(Dataset content)

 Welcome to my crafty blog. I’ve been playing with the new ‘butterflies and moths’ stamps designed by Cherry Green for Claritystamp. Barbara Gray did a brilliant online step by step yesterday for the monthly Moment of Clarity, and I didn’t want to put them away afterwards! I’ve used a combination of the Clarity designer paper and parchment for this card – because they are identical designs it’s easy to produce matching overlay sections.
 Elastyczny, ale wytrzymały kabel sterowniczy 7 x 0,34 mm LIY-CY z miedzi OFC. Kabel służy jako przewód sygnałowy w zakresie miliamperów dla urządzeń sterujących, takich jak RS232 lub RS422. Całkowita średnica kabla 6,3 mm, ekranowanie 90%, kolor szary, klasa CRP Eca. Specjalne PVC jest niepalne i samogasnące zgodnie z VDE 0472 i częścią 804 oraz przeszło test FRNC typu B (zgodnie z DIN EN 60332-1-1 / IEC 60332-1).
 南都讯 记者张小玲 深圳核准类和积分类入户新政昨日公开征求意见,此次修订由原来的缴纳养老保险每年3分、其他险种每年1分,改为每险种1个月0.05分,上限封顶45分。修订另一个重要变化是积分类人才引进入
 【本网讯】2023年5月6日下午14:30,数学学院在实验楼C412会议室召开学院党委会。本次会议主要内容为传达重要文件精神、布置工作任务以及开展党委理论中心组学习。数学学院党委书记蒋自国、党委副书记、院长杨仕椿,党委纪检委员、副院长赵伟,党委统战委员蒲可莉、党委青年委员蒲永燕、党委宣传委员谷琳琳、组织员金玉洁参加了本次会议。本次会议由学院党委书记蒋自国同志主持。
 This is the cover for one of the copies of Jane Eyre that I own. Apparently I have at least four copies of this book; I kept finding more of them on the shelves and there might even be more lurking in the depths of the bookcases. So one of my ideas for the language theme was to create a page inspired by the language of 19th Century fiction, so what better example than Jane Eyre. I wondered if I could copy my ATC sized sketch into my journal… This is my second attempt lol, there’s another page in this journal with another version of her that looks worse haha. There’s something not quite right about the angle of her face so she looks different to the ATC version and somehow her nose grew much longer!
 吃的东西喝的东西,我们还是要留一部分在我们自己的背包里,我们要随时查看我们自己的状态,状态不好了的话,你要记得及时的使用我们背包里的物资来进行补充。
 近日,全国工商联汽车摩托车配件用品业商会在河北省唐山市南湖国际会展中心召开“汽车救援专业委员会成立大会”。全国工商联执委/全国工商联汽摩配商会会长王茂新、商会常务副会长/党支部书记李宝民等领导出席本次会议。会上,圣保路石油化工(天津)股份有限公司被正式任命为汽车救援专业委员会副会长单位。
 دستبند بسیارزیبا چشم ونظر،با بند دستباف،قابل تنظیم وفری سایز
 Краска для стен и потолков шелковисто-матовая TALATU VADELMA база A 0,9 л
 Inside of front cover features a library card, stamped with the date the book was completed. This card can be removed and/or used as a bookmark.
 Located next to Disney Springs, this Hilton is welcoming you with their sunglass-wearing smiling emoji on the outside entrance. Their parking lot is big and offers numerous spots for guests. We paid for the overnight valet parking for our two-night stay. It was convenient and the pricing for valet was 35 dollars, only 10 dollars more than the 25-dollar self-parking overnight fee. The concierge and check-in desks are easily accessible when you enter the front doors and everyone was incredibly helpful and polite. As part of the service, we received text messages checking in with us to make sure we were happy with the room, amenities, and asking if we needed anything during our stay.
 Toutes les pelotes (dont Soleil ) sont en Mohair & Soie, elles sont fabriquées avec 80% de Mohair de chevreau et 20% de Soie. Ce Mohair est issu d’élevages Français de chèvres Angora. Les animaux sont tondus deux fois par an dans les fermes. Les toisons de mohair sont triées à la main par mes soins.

(End Dataset content)

Please copy every line from the entries that includes the word "front".

Answer for this exercise:
 Inside of front cover features a library card, stamped with the date the book was completed. This card can be removed and/or used as a bookmark.
 Located next to Disney Springs, this Hilton is welcoming you with their sunglass-wearing smiling emoji on the outside entrance. Their parking lot is big and offers numerous spots for guests. We paid for the overnight valet parking for our two-night stay. It was convenient and the pricing for valet was 35 dollars, only 10 dollars more than the 25-dollar self-parking overnight fee. The concierge and check-in desks are easily accessible when you enter the front doors and everyone was incredibly helpful and polite. As part of the service, we received text messages checking in with us to make sure we were happy with the room, amenities, and asking if we needed anything during our stay.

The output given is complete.